Then we need to create the rounds used for the midline round for both households and for villages. Since this is separate data collection (although they might happen at the same time). We create those folders like this:

iefolder new round midline       , projectfolder("C:/DropBox/ProjectABC") abbreviation("ML")
iefolder new round midlineVillage, projectfolder("C:/DropBox/ProjectABC") abbreviation("MLvill")

Finally, in the last round of data collection, we are only collecting data on households again.
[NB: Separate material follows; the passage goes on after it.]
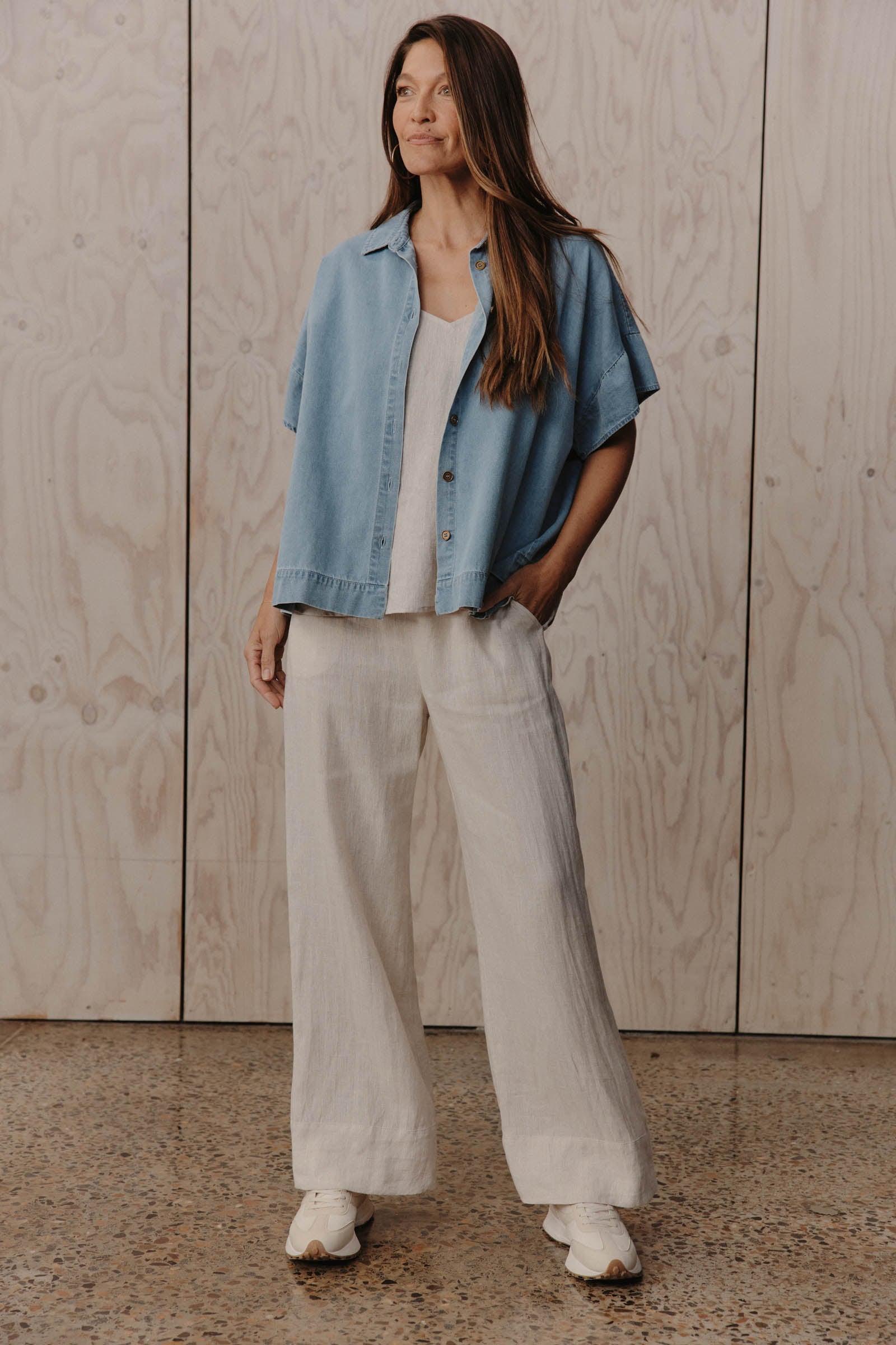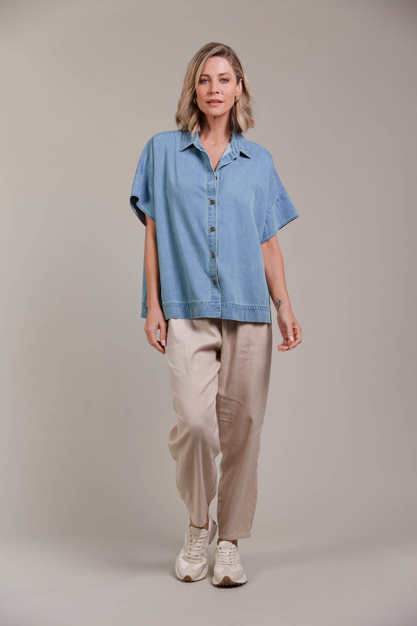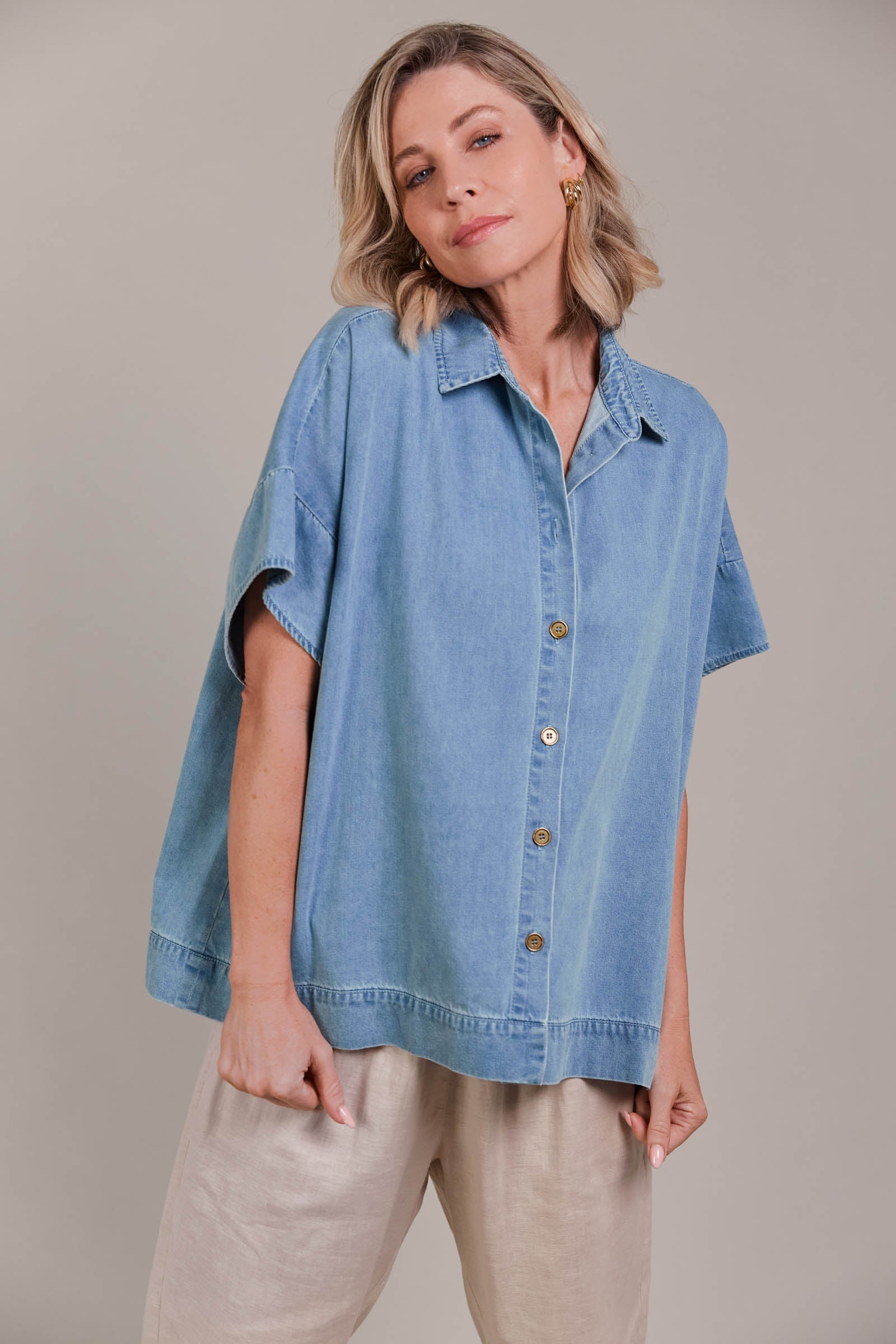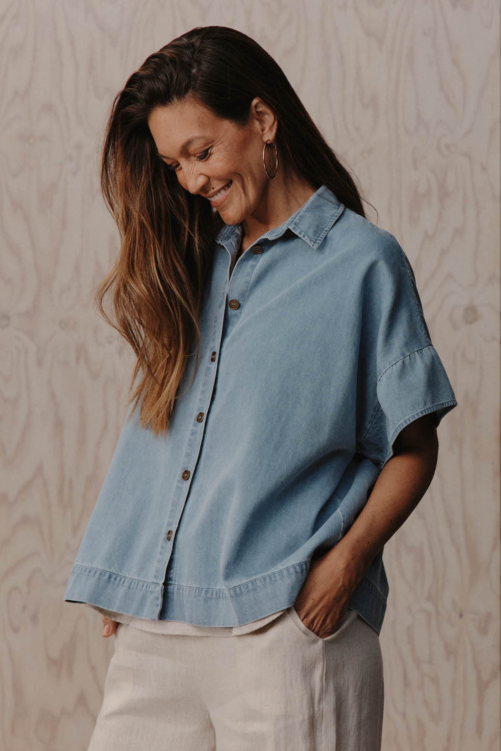 Step up your street style with the Pepi Denim Shirt, the ultimate piece for laid-back vibes. In 100% cotton, this oversized denim shirt combines durability with a casual feel. Its collared, button-down design and short sleeves make it a versatile piece. Want to make a statement? Go for a head-to-toe denim look, or keep things low-key with sleek joggers and fresh kicks for that modern, urban edge.
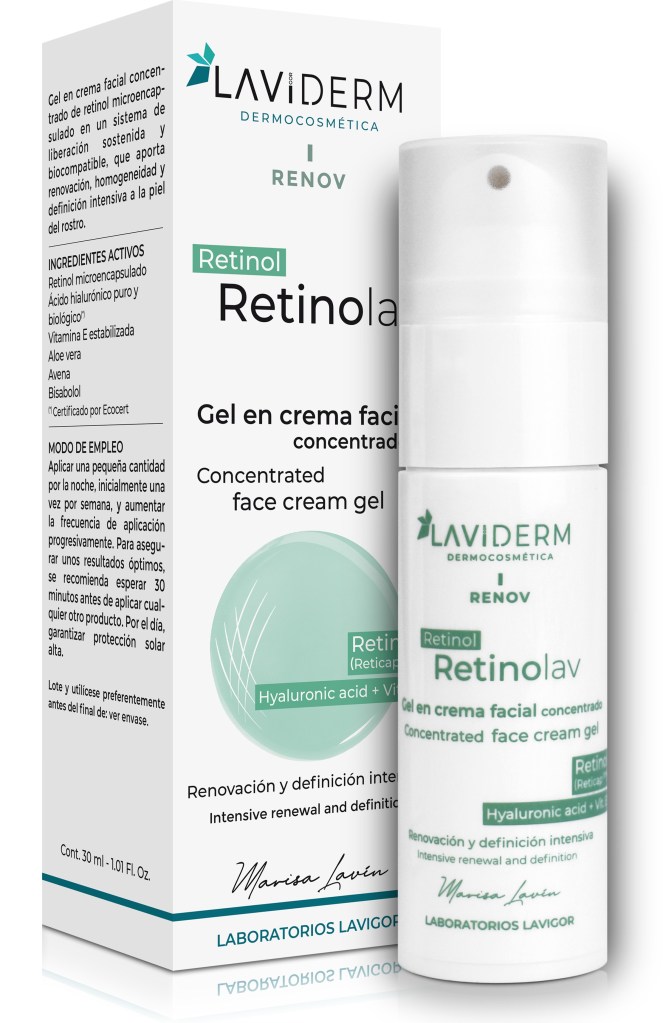 Retinolav de Laviderm, de venta en farmacias, es un gel en crema facial concentrado de retinol microencapsulado que posee un sistema de liberación sostenida y biocompatible (Reticap 10%). Está especialmente indicado para renovar, revitalizar y homogeneizar la textura y el tono de la piel, con el fin de disminuir los signos claros del envejecimiento asociados a: líneas de expresión, arrugas, flacidez, hiperqueratinización, manchas, pérdida de luminosidad y poros obstruidos.

Since we are not collecting data on any new unit of observation, we do not need to create any new master folder.

iefolder new round endline , projectfolder("C:/DropBox/ProjectABC") abbreviation("EL")

Acknowledgements

This command was initially suggested by Esteban J. Quinones, University of Wisconsin-Madison.

We would like to acknowledge the help in testing and proofreading we received in relation to this command and help file from (in alphabetical order):

Guadalupe Bedoya

Laura Costica

Mrijan Rimal

Sakina Shibuya

Seungmin Lee

Feedback, bug reports and contributions

Please send bug-reports, suggestions and requests for clarifications writing “ietoolkit iefolder” in the subject line to: dimeanalytics@worldbank.org

You can also see the code, make comments to the code, see the version history of the code, and submit additions or edits to the code through GitHub repository for ietoolkit.

Author

All commands in ietoolkit are developed by DIME Analytics at DIME, The World Bank’s department for Development Impact Evaluations.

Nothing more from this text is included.